В ханаанской земле завоевания, среди широко расплескавшейся] хеттейско-аморейской культуры, слово Моисея, входя в процесс истории, звучало призывною трубой и требовало борьбы с местными религиозными верованиями, с их жертвенными ритуалами на габимах. Габима сделалась тою пропастью, которую надлежало взять. В своих непобежденных ещё натуралистических стремлениях народ еврейский то и дело смешивался с местными этническими элементами и, изменяя преподанным ему нормам права и справедливости, впадал в кровную органическую связь с хеттеями и амореями. Но труба продолжала звучать и делала своё направительное дело. Иногда раздавались и новые замечательные слова наподобие слов Моисея. Говорили жрецы, левиты и пророки, направляя челн иудейский по верному руслу. Так или иначе, но эта эпоха в жизни еврейского народа может быть названа эпохою борьбы с габимами. Свет лился с высоты и, преломляясь в фактах слагающегося быта, озарял верхушки жизни, оставляя всё прочее в колеблющихся и трепетных потемках. Вечный день ещё не наступал.

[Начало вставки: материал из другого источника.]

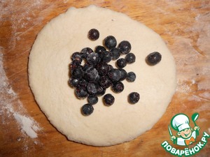 Выложить на кружочки теста по 2 ч. л. свежемороженной черники. -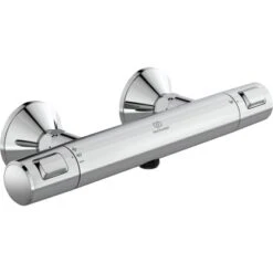Das Ideal Standard Brausethermostat Ceratherm T25 überzeugt durch wegweisende Technologie in Verbindung mit einem besonders schlanken Armaturenkörper. Die von Grund auf neu entwickelte FirmaFlow-Thermostatkartusche bietet kurze Reaktionszeiten und sichere Performance. Dank ihres kompakten Aufbaus verfügen alle CeraTherm T Thermostate über die Cool Body Technologie, die ein Aufheizen des Thermostatkörpers unterbindet. Die separat erhältliche Ablage zum Aufklipsen sorgt für zusätzlichen Stauraum. Besonders elegant sind auch die neuen CeraTherm T Duschsysteme aus dem Idealrain Programm. Das Brausethermostat verfügt über einen Rück?ussverhinderer und ist DVGW-Eigensicher. Die RV Patrone auf der Warmwasserseite mit integriertem Überdruckventil dient zur Druckentlastung.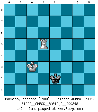 Last move : 1-0 2024 January 20 8:40:39 [Event "FICGS__CHESS__RAPID_A__000298"] [Site "FICGS"] [Date "2023.10.07"] [Round "1"] [White "Pacheco,Leonardo"] [Black "Salonen,Jukka"] [Result "1-0"] [WhiteElo "1900"] [BlackElo "2004"] 1.d4 d5 2.e4 dxe4 3.Nc3 Nf6 4.f3 exf3 5.Nxf3 Bg4 6.h3 Bh5 7.g4 Bg6 8.Ne5 e6 9.Bg2 c6 10.h4 Bb4 11.O-O Nbd7 12.Qe2 Nxe5 13.dxe5 Bc5+ 14.Kh2 Nd5 15.h5 Qh4+ 16.Bh3 f5 17.Nxd5 exd5 18.Rf4 fxg4 19.Qxg4 Qxg4 20.Rxg4 Bxh5 21.Rxg7 Bf7 22.e6 Bd6+ 23.Kg2 Bg6 24.Bg5 Bxc2 25.Kf3 h6 26.Bh4 b6 27.Ke2 Bf8 28.Rd7 Rh7 29.Bg4 h5 30.Rxh7 hxg4 31.Rh8 Be4 32.e7 Kf7 33.exf8Q+ Rxf8 34.Rxf8+ Kxf8 35.b4 Ke8 36.Rc1 Bf3+ 37.Ke3 Kd7 38.Bg3 Be4 39.Kd4 Bf3 40.a4 a6 41.a5 bxa5 42.bxa5 Be4 43.Kc5 Bd3 44.Kb6 Bb5 45.Rd1 Ke6 46.Rd4 Kf5 47.Bh4 Ke5 48.Rxg4 Ke6 49.Rg6+ Ke5 50.Rxc6 Bf1 51.Kb7 d4 52.Bf6+ Kd5 53.Bxd4 Kxd4 54.Rxa6 Kc5 55.Rb6 Bd3 56.a6 Bxa6+ 57.Kxa6 Kd4 58.Kb5 Kd5 59.Kb4 Kd4 60.Rb5 Kd3 61.Rd5+ Ke2 62.Kc3 1-0 Follow this game move after move (download)Bobby is the most misunderstood, misquoted celebrity walking the face of this earth. (Yasser Seirawan) Wenn es im Universum noch irgendwo intelligente Lebewesen gibt, dann kennen sie Go. (Emanuel Lasker) Un entendimiento minucioso de las típicas continuaciones de mate hacen de las mas complicadas combinaciones de sacrificio que conducen hacia ellas no solo no dificiles, sino casi un asunto de rutina. (Siegbert Tarrasch) Une platitude souvent récitée à propos des Echecs est qu'une des choses les plus difficiles à réaliser est de gagner une position gagnante. Cela ne manque pas de sens mais, pour ma part, j'ai toujours trouvé plus difficile de gagner une position perdante. (Tim Krabbe) The only sure thing about luck is that it will change. (Wilson Mizner)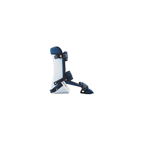 Férula Multiposicional Pie-Tobillo – Color Blanco Férula de polietileno con regulación de flexión plantar y dorsal en rangos de 0° a 75°, forro interior lavable y sistema de cierre con cinchas y almohadillas. Apta para pie izquierdo o derecho.

Храм Соломона на Сионе является третьим и почти законченным этапом в истории автономного народа. Был литургический парад, были жертвоприношения и всесожжения, была процедура усвоения вечной мысли законодателя, с теми необходимыми ограничениями, которые создаются реальным укладом жизни. С течением веков кое-что обросло плотью и становится рутинным. Создавалась полумертвая инерция в богослужебном молитвословии, может быть, уже не шевелившем сердца, особенно в тот момент, когда меч Веспасиана уже навис над святым городом. Об этом свидетельствует шум сектантско-гражданской борьбы, разлившийся по всем градам и весям Палестины перед великою катастрофою 70-го года. Храм Соломона – великая вещь в истории Израиля. В нём был свет, было пламя, было вдохновение, достигавшее замечательных высот. Все же силы эти не были адэкватны Синаю. Именно тут, на Сионе, в подобиях материального и временного, они были заключены как бы в коробку ковчега и сведены к условно-иератическим нормам. Элогим со своих высот следил за происходившим, принимал жертвы и слушал возносившуюся к нему молитву, но самолично не говорил к народу, как говорил он некогда с Моисеем. Голос его приносился иногда в речах тех или других пророков. Но в общем он молчал, и жизнь текла в берегах неотвратимой судьбы. Свет был, но была и ночь. День был короток. Синай иногда просто померкал в сознании людей. Этот третий период в истории еврейского народа можно назвать периодом храма Соломона.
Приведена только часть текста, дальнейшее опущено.